Parce qu'il y a quand même une chose à comprendre, c'est qu'on n'entame pas un tel parcours sans au minimum s'être posé les bonnes questions et avoir envisagé toutes les éventualités, vu les bouleversements que ça va engendrer à tous les niveaux. Moi perso je ne pouvais pas imaginer commencer le parcours total sans avoir au moins la "garantie" de ne pas m'être trompée et de tout arrêter en cours de route, ça implique trop de choses. Alors oui j'ai eu peur de ce fameux protocole, comme beaucoup, alors qu'en fait il insiste juste sur "l'engagement" qu'on est prête à accepter pour aller jusqu'au bout. Aujourd'hui je sais que je ne me suis pas trompée, en dépit des difficultés, mais avant de franchir le pas je n'étais encore sûre de rien à 100%, et l'enjeu était trop important pour que je me fourvoie encore dans une voie qui aurait pu ne pas être mienne. 40 ans de questions sans réponse, je n'allais pas trouver la Vérité en 5 minutes, sur un simple coup de tête.

Mais seulement voilà, la voie que j'avais choisie, pensant faire les choses dans les règles, ne me donnait qu'une possibilité : celle de pouvoir être opérée à l'étranger. Or il se trouve que si, chez certaines, cette opération n'est pas forcément envisagée au début, pour moi elle était incontournable, et désirée dès le départ, ou alors ce n'était pas la peine de commencer. Là aussi tout ça se prépare, et je me voyais difficilement vouloir devenir femme en gardant mes attributs masculins. Ou alors ce n'est pas la peine de prendre des hormones et commencer le parcours en sachant que l'opération ne sera qu'une option facultative, il y a plus rapide et moins contraignant pour avoir des seins et une apparence féminine, sauf que ça ne me correspondait pas.

Donc j'apprends que finalement je n'ai pas d'autre choix que la Thaïlande, le Canada ou la Belgique, sans avoir vraiment d'idée sur ce qui m'attendra là-bas, les résultats, le suivi, etc, et les quelques témoignages que je peux recueillir ne me rassurent pas plus que ça. Pour certaines, c'est le nec plus ultra, pour d'autres, tout est relatif, et pour d'autres encore, il y a pas mal de "ratages". Bref, je suis bien emmerdée, d'autant que si je bénéficie de l'ALD31, je me demande finalement à quoi sert ce régime spécial si je dois aller me faire opérer ailleurs.
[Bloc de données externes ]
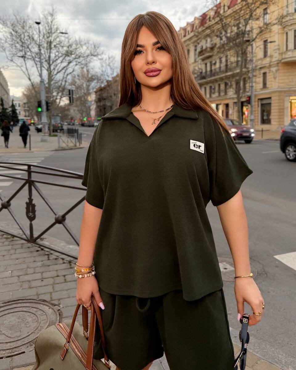 Стильний комфортний костюм з шортами з трикотажу еластан : футболка поло у стилі оверсайз з акс + шорти з високою посадкою з кішенями у бічних швах, з куліскою на поясі
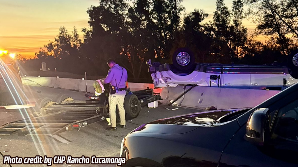 RANCHO CUCAMONGA, CA. (Pain In The Pass) >> Emergency crews responded to a rollover crash on southbound lanes of Interstate 15 in Rancho Cucamonga on Thursday. California Highway Patrol and
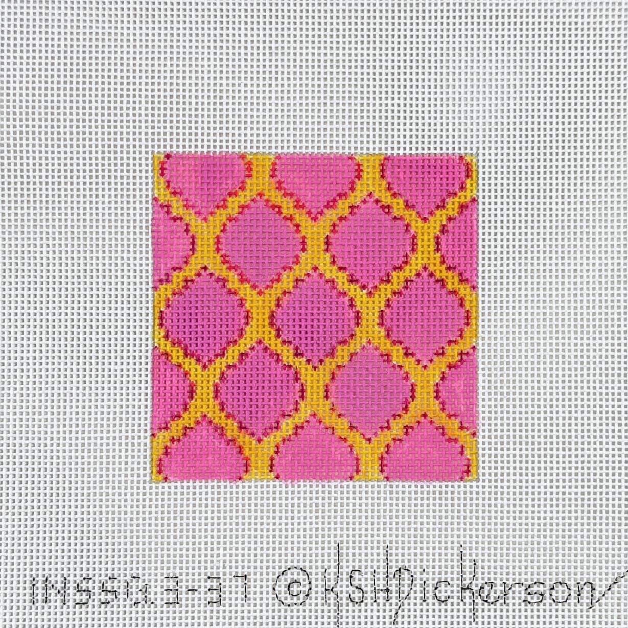 Kate Dickerson Needlepoint Collections Quatrefoils in Tangerine and Pink Needlepoint Canvas
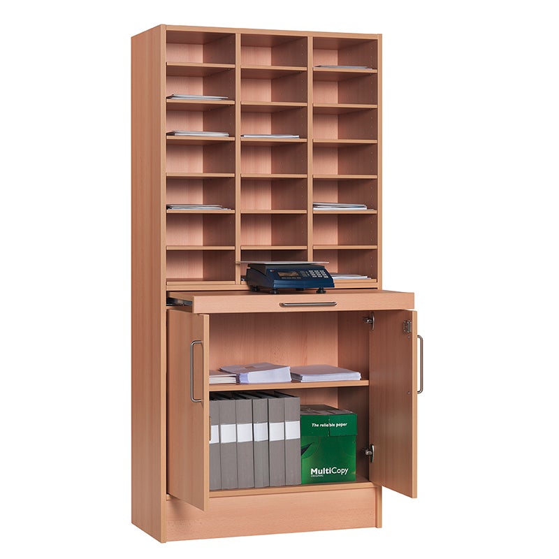 Postsorteringshylla Alvesta, 21 fack, underskåp & utdragshylla, 840x400x1800 mm
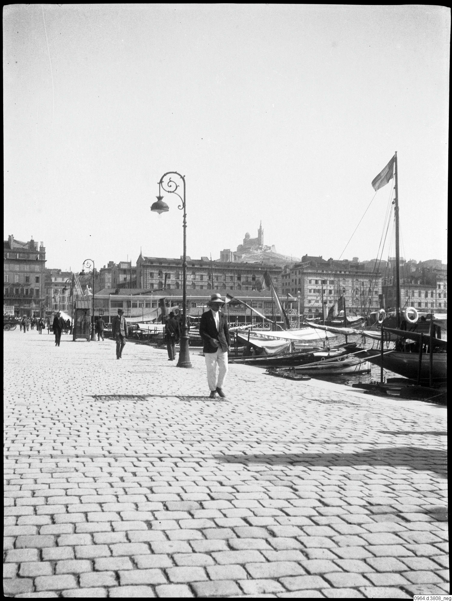 Quai des Belges vid Gamla hamnen (Vieux-Port) i Marseille. Notre-Dame de la Garde-basilikan i bakgrunden.
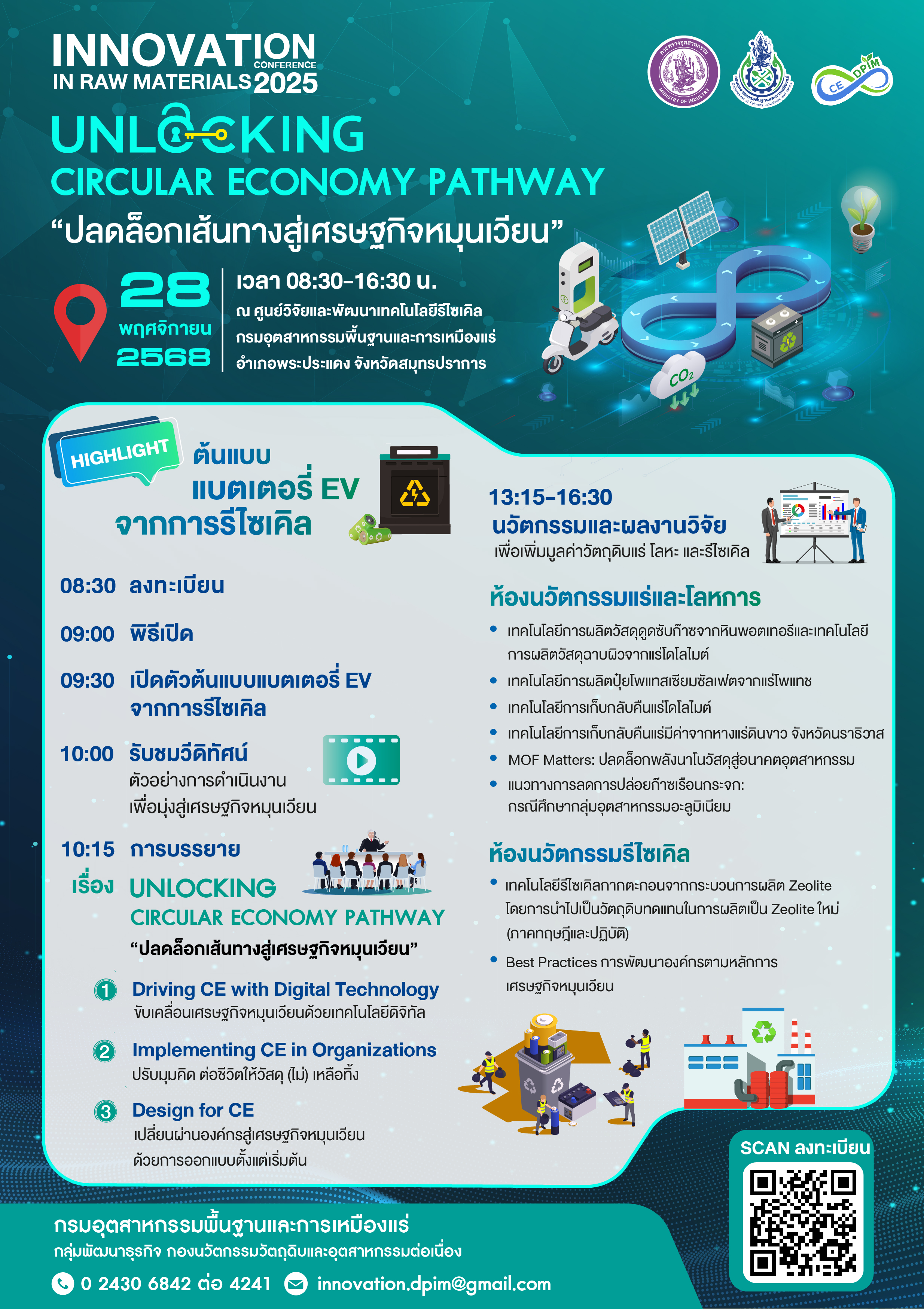 📢 ขอเชิญเข้าร่วมงานสัมมนาวิชาการประจำปี "Innovation in Raw Materials Conference 2025: Unlocking Circular Economy Pathway ปลดล็อกเส้นทางสู่เศรษฐกิจหมุนเวียน" 🔑 ♾️
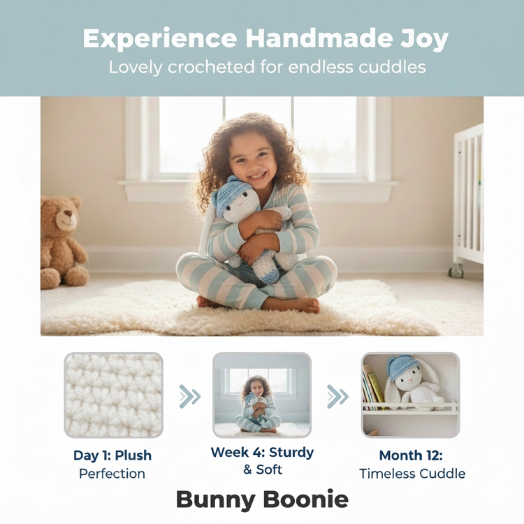 Lovingly crafted by hand from plush cotton yarn, Bunny Boonie offers an ultra-soft cuddle experience that stands up to everyday play. Each stitch ensures lasting durability, making this plushie a cozy companion for countless hugs and snuggles.
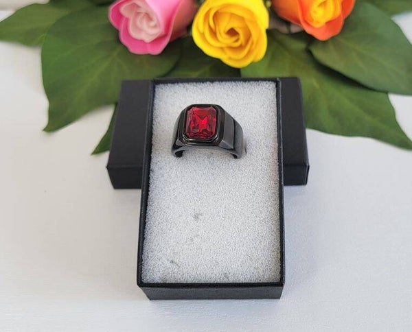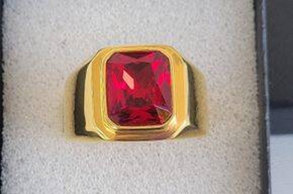 Dieser massive Herrenring aus hochwertigem Edelstahl in edler Gold- und Schwarzoptik ist ein Statement für Stilbewusstsein und Selbstbewusstsein. In der Mitte thront ein roter Zirkonia-Stein (12,5 mm hoch, 10 mm breit), der dem Ring eine kraftvolle Ausstrahlung verleiht.
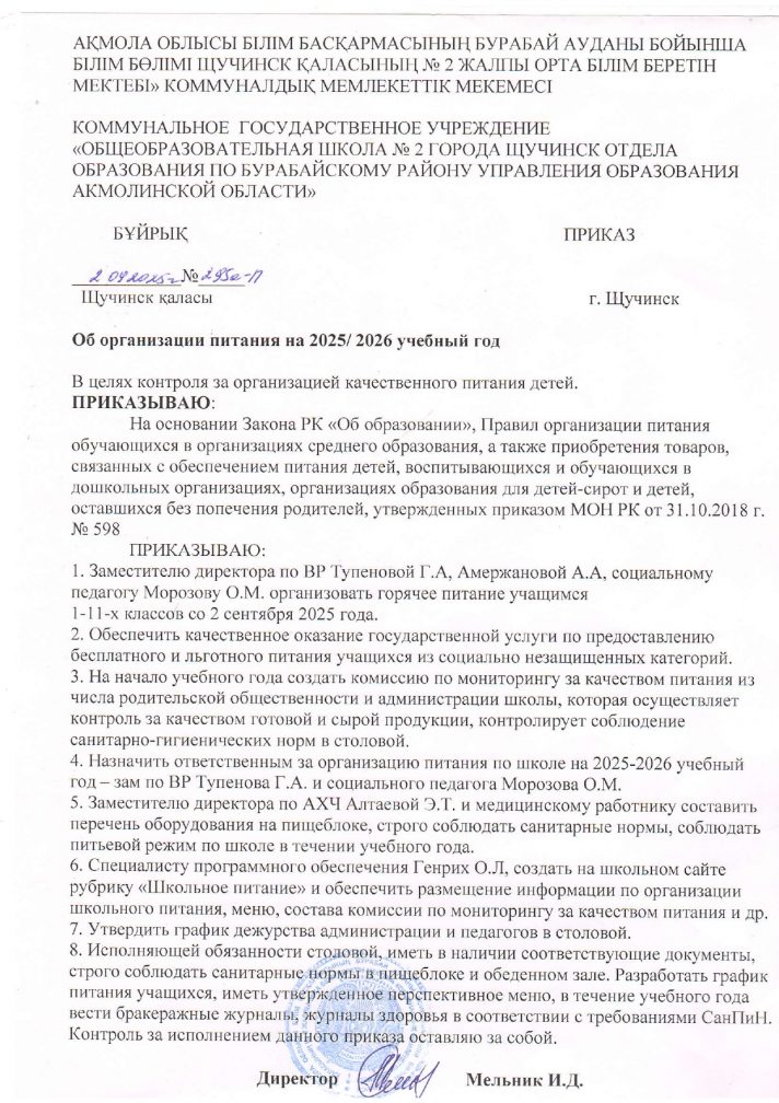 2025-2026 оқу жылына тамақтануды ұйымдастыру туралы
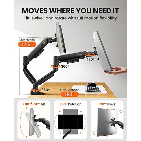 Prime Members: ErGear VESA Adjustable Dual Monitor Arms w/ Desk Mount (for 13-32" Monitors) $27.59 + Free Shipping
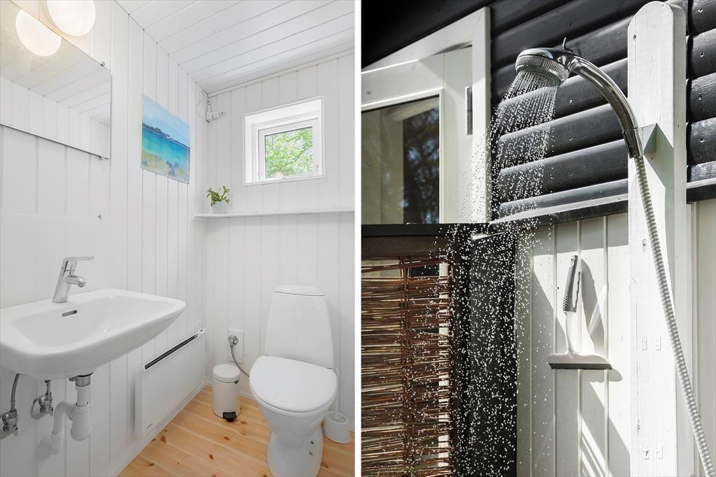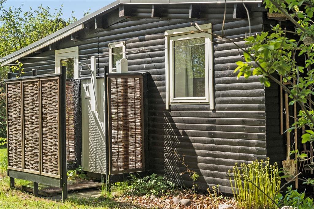 An der Ostseite des Hauses steht eine Außendusche zur Verfügung. Die Dusche ist gut abgeschirmt, sodass Sie mit Ausblick auf die Bäume und den Himmel das Gefühl genießen, mitten in der Natur zu duschen.

D'un côté la société reconnaît officiellement mon statut de transsexuelle avec cette prise en charge, et de l'autre elle m'envoie chez Plumeau où un simple mot du médecin suffit, et en exagérant un chouille, où je pourrai me faire poser un néo-vagin ou encore me faire greffer une paire de cornes sur le front. Quand on voit des cas comme la femme chat ou Lolo Ferrari, je ne pense pas qu'un psy aurait validé de telles choses, et encore moins la sécu. Parce que là on n'est pas dans le "body art", où chacun peut faire ce qu'il veut de son corps avec un gros chèque et un doigt d'honneur aux psys qui n'ont pas leur mot à dire. En fait, c'est ce côté "je prends l'avion et je reviens 15 jours après avec un minou tout neuf" qui me gène un peu. En gros, comme si n'importe qui pouvait faire n'importe quoi par simple "caprice", comme cette femme qui veut être le sosie de la poupée Barbie. Avec les équipes officielles c'est beaucoup plus encadré, vu que chaque cas est examiné en commission et qu'il y a une vraie "légitimité" une fois le dossier accepté. C'est comme ça que je vois les choses.
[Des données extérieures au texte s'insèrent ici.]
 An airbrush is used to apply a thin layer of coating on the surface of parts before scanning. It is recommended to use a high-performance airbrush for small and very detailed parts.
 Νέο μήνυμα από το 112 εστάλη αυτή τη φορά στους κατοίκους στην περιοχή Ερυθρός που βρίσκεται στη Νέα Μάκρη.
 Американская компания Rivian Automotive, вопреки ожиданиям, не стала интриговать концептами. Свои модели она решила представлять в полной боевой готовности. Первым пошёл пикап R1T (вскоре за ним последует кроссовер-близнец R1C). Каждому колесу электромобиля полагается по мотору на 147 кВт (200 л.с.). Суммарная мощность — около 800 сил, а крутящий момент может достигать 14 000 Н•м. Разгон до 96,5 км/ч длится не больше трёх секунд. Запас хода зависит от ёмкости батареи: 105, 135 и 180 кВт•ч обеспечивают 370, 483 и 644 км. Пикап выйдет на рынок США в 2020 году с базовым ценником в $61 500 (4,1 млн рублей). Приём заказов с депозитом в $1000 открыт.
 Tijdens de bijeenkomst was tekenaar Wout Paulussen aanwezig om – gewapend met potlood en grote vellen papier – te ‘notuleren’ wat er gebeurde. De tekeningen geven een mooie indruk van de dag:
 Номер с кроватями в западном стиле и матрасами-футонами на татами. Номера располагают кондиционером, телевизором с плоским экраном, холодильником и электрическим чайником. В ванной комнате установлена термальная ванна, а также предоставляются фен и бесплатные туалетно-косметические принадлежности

Alors bon, je reste quelques semaines sans trop savoir quoi faire et vers qui me tourner, pensant devoir tout recommencer à zéro, lorsque je fais la connaissance d'une jeune consoeur qui a débuté le parcours en "free lance" et qui a ensuite intégré l'équipe de Bordeaux en cours de route. Elle me conseille d'en faire autant. De toutes façons, si je dois encore attendre deux ans comme le prévoit le protocole SOFECT, autant ne plus perdre de temps, alors j'y vais. 1er rendez-vous avec la psy de l'équipe en juillet. J'oublie les "bons conseils" de quelques gourous qui me recommandent de dire aux psys ce qu'ils veulent entendre et je choisis plutôt la vérité, ce que j'ai toujours fait depuis le début. Et puis il ne faut pas croire qu'on peut berner ces équipes en leur racontant des conneries ou en disant les mêmes choses que les autres, personne n'est dupe, je le tiens du chef de service de Bordeaux.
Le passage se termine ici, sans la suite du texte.